2. The method for building a fire control system fault prediction model according to claim 1, wherein the optimizing the GBDT model using the modified whale optimization algorithm comprises the steps of:

(1) generating an initial population;

(2) calculating individual fitness value to generate random data p [0,1];

(4) judging whether the algorithm meets the end condition, if not, returning to the step (2) for next iteration; otherwise, outputting the optimal solution and the optimal individual position;

3. The method for establishing the fault prediction model of the fire control system according to claim 2, wherein the step (1) is to generate the initial population according to the formula (11), which is as follows:

4. the method for establishing the fault prediction model of the fire control system according to claim 2, wherein the step (3) is to perform mutation, intersection and selection operations on the group positions according to the following equations (15) to (17):

V(t+1)＝X _r1 (t)+F(X _r2 (t)-X _r3 (t)), (15)

in the formula: v (t + 1) is the mutated individual position vector, X _r1 (t),X _r2 (t),X _r3 (t) represents random population individuals, U (t + 1) is an individual position vector after crossing, and F is a value range of [0.4,1,]the scale factor of (c), CR is a value range of [0,2 ]]R is the value range [0,1]]The random number in (c).

5. A fire control system fault prediction method is characterized by comprising the following steps:

acquiring original data of a gyroscope group, wherein the original data comprises data values of pin signals of the gyroscope group;

inputting the raw data of the gyroscope group into a fire control system fault prediction model, and outputting the prediction result of the fire control system fault, wherein the fire control system fault prediction model is established according to the method for establishing the fire control system fault prediction model in any one of claims 1-4.

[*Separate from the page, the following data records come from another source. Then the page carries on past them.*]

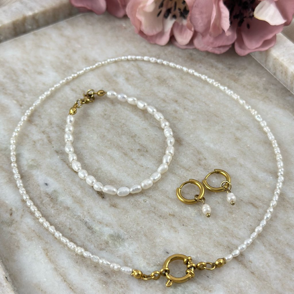 Souprava šperků s říčními perlami. Výhodný set Noemi obsahuje náušnice, náhrdelník a náramek. Náhrdelník a náramek jsou zdobeny pravými sladkovodními perlami vysoké kvality. Kroužkové náušnice zdobí jedna perla. Náušnice a ostatní komponenty jsou vyrobeny z chirurgické oceli, která je hypoalergenní a nečerná. Možné zakoupit i každý kousek zvlášť. K dispozici ve stříbrné i zlaté variantě. V případě zájmu Vám upravím délku náhrdelníku a náramku na míru.
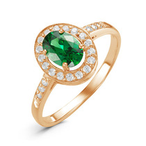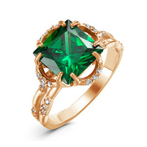 Позолоченное кольцо с фианитом зеленого цвета 015 - п
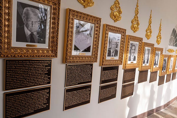 If you squint your eyes ever so slightly you might just mistake the presidential portraits and bronze-framed plaques for a serious historical display.
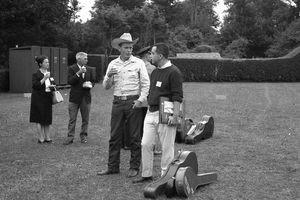 Glenn Ohrlin (wearing hat), Bruce Jackson (right, in dark sweater).

6. An apparatus for establishing a fault prediction model of a fire control system, the apparatus comprising:

the building unit is used for building the GBDT model, taking the training data set as the input of the GBDT model and optimizing the GBDT model by using an improved whale optimization algorithm;

7. The device for establishing the fire control system fault prediction model according to claim 6, wherein: the construction unit includes:

a generating unit for generating an initial population;

a calculating unit for calculating individual fitness value and generating random data p [0,1];

the updating unit is used for carrying out mutation, intersection and selection operation on the group positions; comparing the current optimal fitness value of the individual with the optimal fitness value of the group, and updating the optimal individual and the position information of the group;

the comparison unit is used for comparing the current optimal fitness value of the individual with the optimal fitness value of the group and updating the optimal individual and the position information of the group;

8. A fire control system fault prediction apparatus, the apparatus comprising:

a prediction result output unit, configured to input raw data of the gyroscope group into a fire control system fault prediction model, and output a prediction result of a fire control system fault, where the fire control system fault prediction model is established according to the method for establishing a fire control system fault prediction model according to any one of claims 1 to 4.

9. A terminal device, the terminal device comprising:

a processor and a memory;

the processor is used for calling the instructions in the memory to execute the method for establishing the fault prediction model of the fire control system as claimed in any one of claims 1 to 4.

10. A terminal device, the terminal device comprising:

a processor and a memory;

the processor is used for calling the instructions in the memory to execute the fire control system fault prediction method of any one of claim 5.